Talk

Advanced search

Mumsnet has not checked the qualifications of anyone posting here. If you need help urgently, please see our domestic violence webguide and/or relationships webguide, which can point you to expert advice and support.

Does working full time mean he doesn't have to do a THING around the house?

(53 Posts)
strikingoff Thu 20-Oct-11 04:34:49

I need some perspective please.

My dh works full time, 10 hour days. He's a freelance contractor therefore when he doesn't work he doesn't earn. He's always worried that he'll 'never work again' but in the 15 years we've been together, he's only been out of work for a couple of months, and that was by choice. He provides well for me and ds, he's a great dad and generally a caring and kind guy.

But I have one big stumbling block with him. I also work - part-time from home (20 hrs per week). I find myself doing all of the 'home' chores - food shopping, care of ds, laundry, cleaning. I also look after all of the 'other' stuff and this is what is driving me nuts. So if the loo needs fixing, it's up to me to get it done. If the house needs repainting, I have to organise it. If the car needs to be serviced, I have to take it in.

We moved recently and remortgaged. I did all the paperwork, all the moving organisation, I do anything to do with insurance, buy the birthday and christmas presents.

When I have tried to talk to him about it, his only response is 'I work 10 hours a day and I can't do any of that'. He's good at taking ds out on the weekends to give me some time off as I'm also studying. But invariably I end up catching up on paperwork, laundry or groceries.

I just feel like a spoiled brat.

Grockle Thu 20-Oct-11 04:48:10

Well, til September, I worked full time(60 hrs a week) and did all those things. But it was very difficult so I dropped a days work so I have time to book the the car in for a service, to hey the floor laid, to go to the dr etc

I don't think YANBU to want help but pracrically, you are more able to do those things.

strikingoff Thu 20-Oct-11 04:58:25

I know Grockle, and I am happy to do the bulk of it. That's why I only work part-time.

But I just wish he would take some responsibility and sort SOME things out.

I just feel like I am mother to two children not one.

ClaudiaSchiffer Thu 20-Oct-11 05:38:16

Well, dh and I have a similar set up to you, he works looong hours and I work pt.

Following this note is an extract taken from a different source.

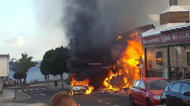 Las llamas se originaron en un restaurante de la calle César Manrique, para luego extenderse a cuatro locales próximos, afectando incluso a algunas viviendas cercanas. El establecimiento afectado, y los otros pequeños locales ubicados junto a él, se situaban entre el Restaurante La Cañada y una joyería.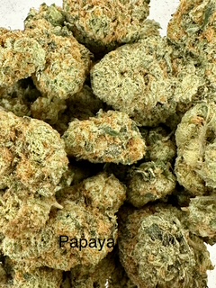Papaya is an indica-dominant hybrid cannabis strain that is known for producing a mental calmness, though many consumers also find that this strain makes them energetic and productive. Nirvana Seeds bred this to be their take on a Mango strain and crossed Citral #13 with Ice #2 to make their own fruit. They met their own challenge and Papaya smells uncannily like its namesake. The taste is similar to its tropical fruit counterpart, but a spicy, peppery side also becomes apparent.

We tend to divide things into I do "indoor" stuff, ie shopping/cooking/cleaning/bulk of kids stuff. And at the w/end he'll help with kids (took them camping last sat night) and do most of the "outdoor" stuff ie lawns, um, wash cars, take stuff to the dump. All very 1950's really, but it mostly works for us.

Does he do anything? If my dh lazed about all weekend it would piss me off. But a certain amount of lazing about is fine with me as I get to laze for 3 days a week.

Can you afford a cleaner to take on some duties? I would adore a cleaner but we can't afford one <arse>

FearfulYank Thu 20-Oct-11 05:46:43

I get irritated too. We have a similar set up and there are things I just plain can't do ...building things, etc. Yet he complains when I suggest hiring someone. hmm

Tortoiseinadarkspell Thu 20-Oct-11 05:57:00

This comes down to, do you have the same amount of downtime? Fair enough that you're doing household/childcare chores while he's at work, given the disparity in your hours. And if he's out with the kids on the weekend while you're doing housework that seems reasonable to me as well (as long as he's genuinely entertaining them. not so much if he's taken them to the pub, fobbed them off with a packet of crisps and is watching the telly).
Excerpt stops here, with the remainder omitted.